The US vice president is gearing up for a tour of Singapore and Vietnam at the end of August in the hopes of bolstering “strategic partnerships” with the Asian nations. Harris will also aim to demonstrate the rallying cry of President Joe Biden’s administration.
“Her trip will build on the Biden-Harris Administration’s message to the world: America is back,” Harris’ office said in a statement earlier this week.
Harris is set to become the first US vice president ever to visit Vietnam – but there seems to be some apprehension about whether her messaging is on-target.
Making direct and indirect references to the United States’ catastrophic war in Vietnam, numerous social media suggested that the Southeast Asian nation might not be overly excited about America coming “back.”

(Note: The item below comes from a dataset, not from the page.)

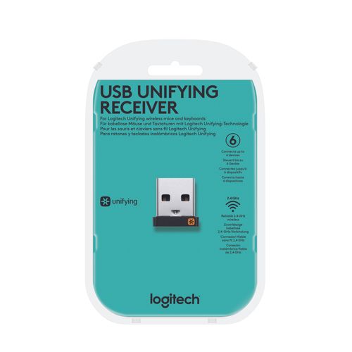 Logitech USB Unifying Receiver, USB vastuvõtja, 9 mm, 6 mm, 15 mm, 1,23 g, Must, Hõbe

One commenter said the VP was “setting the record for tone-deafness,” while others wondered whether her communications team was consciously insensitive or just ignorant.
For Harris, “America is back” is a message of “hopeful optimism,” but for much of the world, it is a line from a horror movie, joked another Twitter user.
Although relations between the two countries have undoubtedly improved over the past several decades, the US military campaign in Vietnam, which began in 1955 and lasted nearly 20 years, is estimated to have killed up to 2 million Vietnamese civilians.
Biden declared “America is back” after the Democrat moved into the White House in January. The slogan was apparently intended as a way to signal that the United States was turning away from Donald Trump’s tumultuous tenure, but many instead criticized it as a sign that Washington was returning to a more aggressive, interventionist approach to foreign policy.